According to the inscription on Phelip’s brass he fought courageously and well at the siege of Harfleur; but it was there that he fell victim to the flux, and he died on 2 Oct. His body was brought back to England for burial in the middle of the choir in Kidderminster church, next to his second wife.8 He died childless, and his place in Henry V’s affections was to a certain extent taken by his brother, who subsequently became treasurer of the Household.
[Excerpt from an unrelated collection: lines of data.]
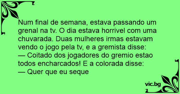 Num final de semana, estava passando um grenal na tv. O dia estava horrivel com uma chuvarada. Duas mulheres irmas estavam vendo o jogo pela tv, e a gremista disse:
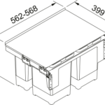 Čelný výsuv. Min. montážny priestor 561 × 399 × 375 mm. Farba šedá. 4 Koše (1× 8 l, 1× 12 l). 1× Vrchnák na 8 l kôš (133.0200.694) v cene sortera. Kovová polica nad košom v cene sortera. Súčasťou sortera je plnovýsuv s tlmením, ktorý zaručuje tichý dojazd. (Výsuv od firmy FGV).
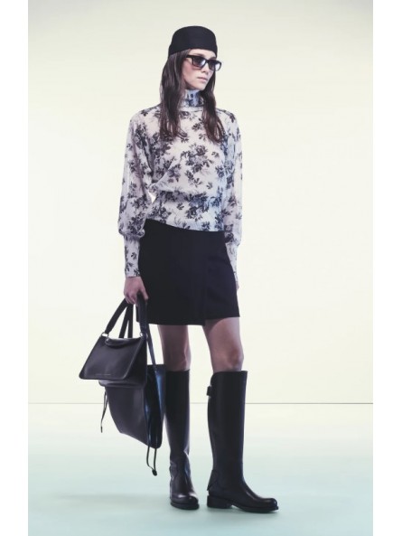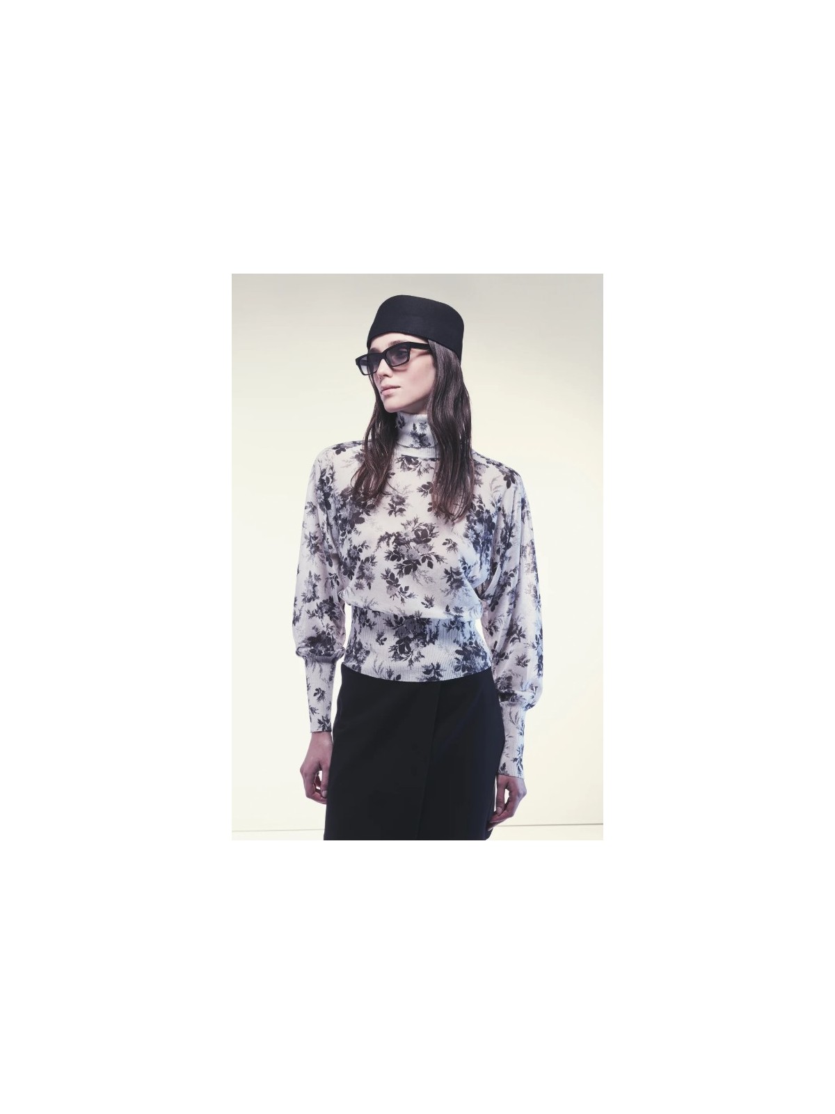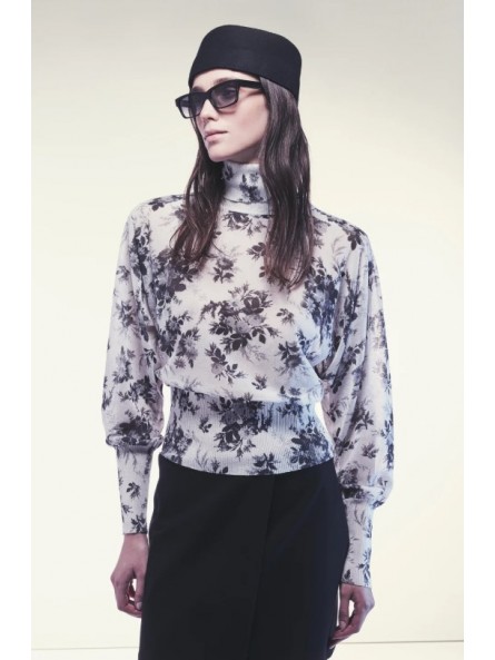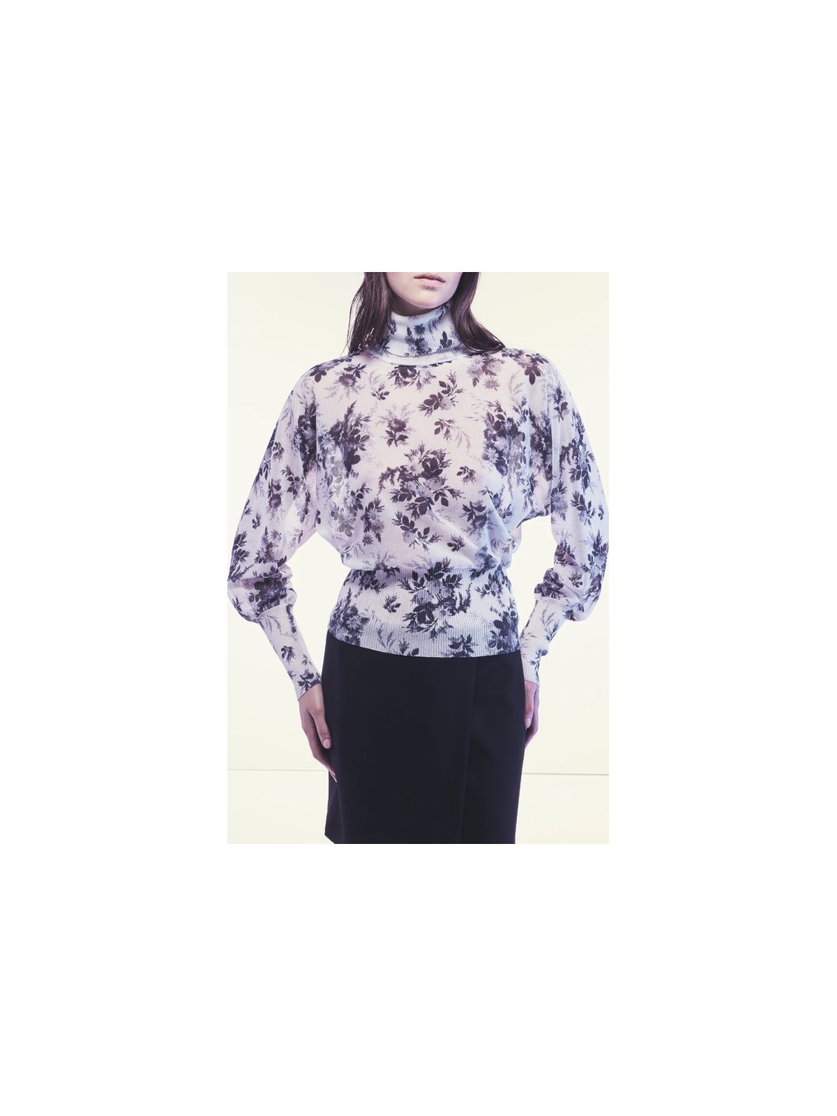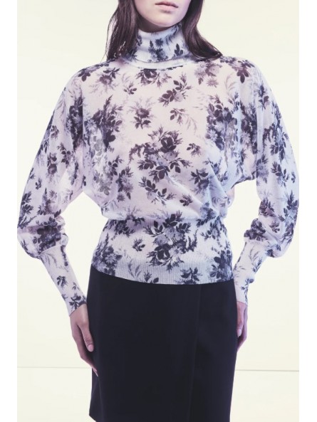 MAGLIA IN COTONE TECNICO STAMPATO DALLA LINEA MORBIDA CON COLLO ALTO E MANICHE LUNGHE A PIPISTRELLO CON POLSINI ADERENTI. STAMPA FLOREALE ALL-OVER IN CONTRASTO COLORE, TESSUTO LEGGERMENTE TRASPARENTE. ORLO ELASTICIZZATO ADERENTE E LUNGHEZZA REGOLARE AI FIANCHI.

Sir John’s young widow was later married successively to Thomas Montagu, earl of Salisbury (d.1428), and William de la Pole, duke of Suffolk (murdered in 1450), and she survived him by 60 years, eventually dying in 1475.9

Ref Volumes: 1386-1421

Author: L. S. Woodger

Notes

Variants: Felipp, Phelippes, Philip.

  • 1. Pedigrees of the family are confused (as in J. Copinger, Suff. Manors, iv. 30-31; F. Blomefield, Norf. vi. 413-17; CP, i. 420-1), but may be corrected from PCC 43 Marche; C139/34/47; CPL, vi. 354; H.A. Napier, Swyncombe and Ewelme, 31.
  • 2. DNB, xxii. 614-15; CCR, 1399-1402, p. 392; 1402-5, p. 128; 1405-9, pp. 398, 472; E101/404/24, f. 16; CPR, 1405-8, pp. 140, 170, 439, 452; 1408-13, pp. 42, 81; 1413-16, p. 92; CFR, xiii. 145.
  • 3. Napier, 46; C137/57/9; CPR, 1408-13, pp. 79, 159, 470; 1413-16, p. 67; SC10/44/2162; J.H. Wylie, Hen. IV, iv. 62.
  • 4. C115/K2/6682, f. 63d.; Wylie, Hen. V, i. 3; E101/406/21, f. 27; VCH Beds. iii. 403; VCH Berks. iv. 494; CPR, 1413-16, pp. 67, 131-2, 229, 334; DKR, xxxvii (pt. 2), 156, 587.
  • 5. Napier, 21, 30-34, 42; VCH Berks. iv. 91, 461; CCR, 1413-19, pp. 234-5; CPR, 1413-16, pp. 257, 259, 281.
  • 6. CPL, vi. 353, 354, 384, 404, 498; Wylie, Hen. V, i. 435; DKR, xliv. 557, 565; E101/69/5/422; CPR, 1413-16, pp. 328, 356.
  • 7. PCC 43 Marche.
  • 8. C138/13/42; T.R. Nash, Worcs. ii. 49-50; Trans. Worcs. Arch. Soc. xii. 142-3.
  • 9. CP, i. 420-1; xi. 395; xii (pt. 1), 447-8; Reg. Chichele, ii. 599.